- **Task brief**
Copy each line below exactly and leave the pictures out.

──────── Data ────────

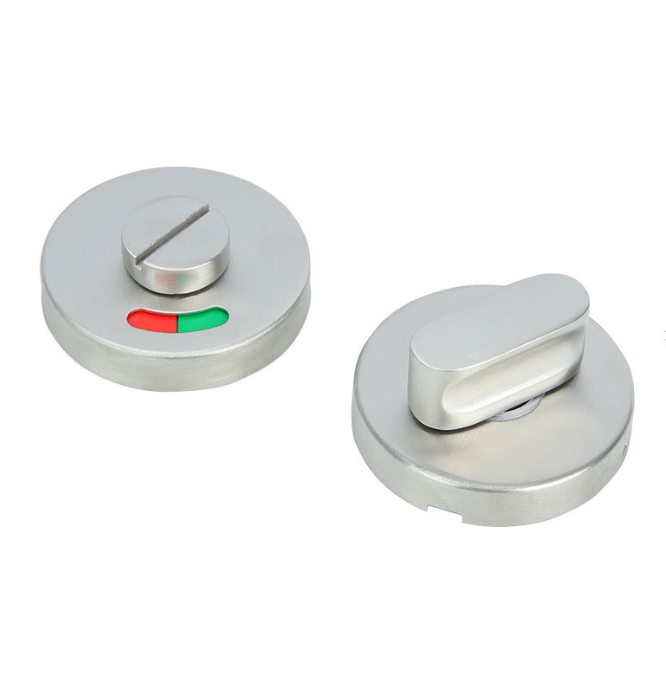 كالون مخصص لأبواب الحمامات والغرف الداخلية، مزود بمؤشر إشغال (أخضر/أحمر)، ويتميز بتصميم أنيق ودائري من الستانلس ستيل. يوفر خصوصية عالية وسهولة استخدام دون الحاجة لمفتاح، مع آلية غلق سلسة ومتينة
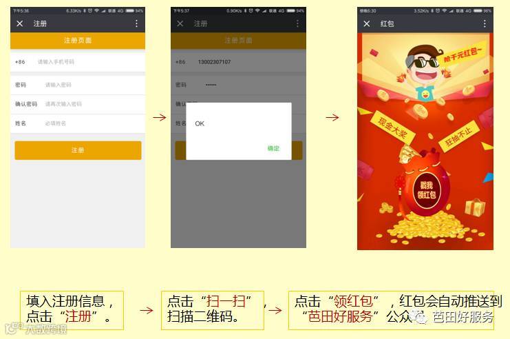 注册成功后,会自动跳入领红包界面,点击“领红包”,红包会自动推送到“芭田好服务”公众号。
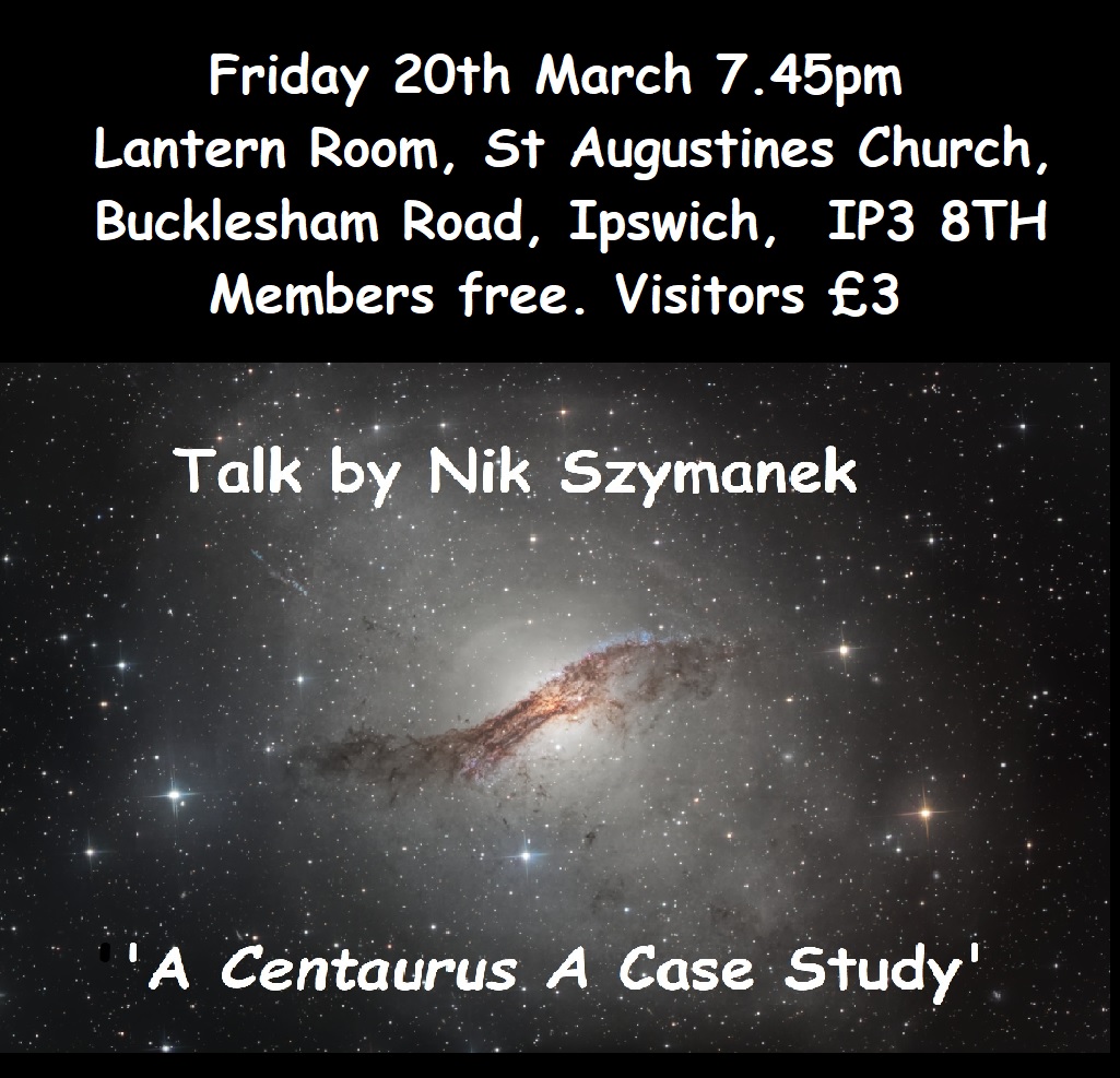 A Centaurus A Case Study. Nik will demonstrate, using the Centaurus A galaxy as a case study, how to make amazing astro-photographs. He will also showcase powerful new imaging software which will be of particular interest to astrophotographers. There is parking at the front of the church and additional spaces just across Bucklesham Road at the Saint Augustine's Community Hub.
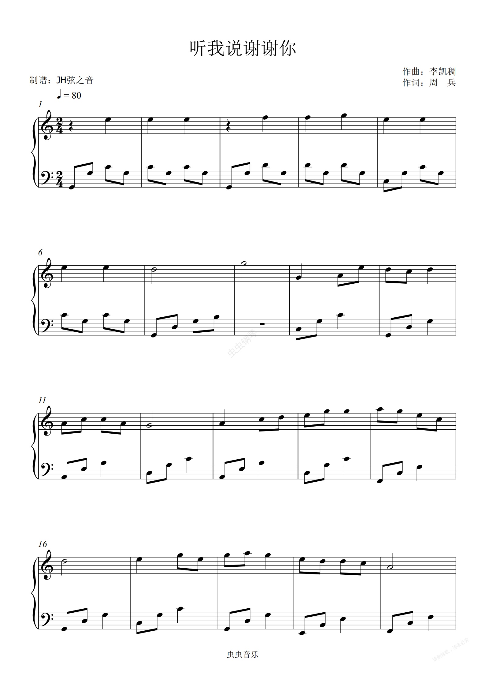 钢琴谱:《听我说谢谢你》李昕融版-C调唯美独奏

────────

- **Final answer**
 كالون مخصص لأبواب الحمامات والغرف الداخلية، مزود بمؤشر إشغال (أخضر/أحمر)، ويتميز بتصميم أنيق ودائري من الستانلس ستيل. يوفر خصوصية عالية وسهولة استخدام دون الحاجة لمفتاح، مع آلية غلق سلسة ومتينة
 注册成功后,会自动跳入领红包界面,点击“领红包”,红包会自动推送到“芭田好服务”公众号。
 A Centaurus A Case Study. Nik will demonstrate, using the Centaurus A galaxy as a case study, how to make amazing astro-photographs. He will also showcase powerful new imaging software which will be of particular interest to astrophotographers. There is parking at the front of the church and additional spaces just across Bucklesham Road at the Saint Augustine's Community Hub.
 钢琴谱:《听我说谢谢你》李昕融版-C调唯美独奏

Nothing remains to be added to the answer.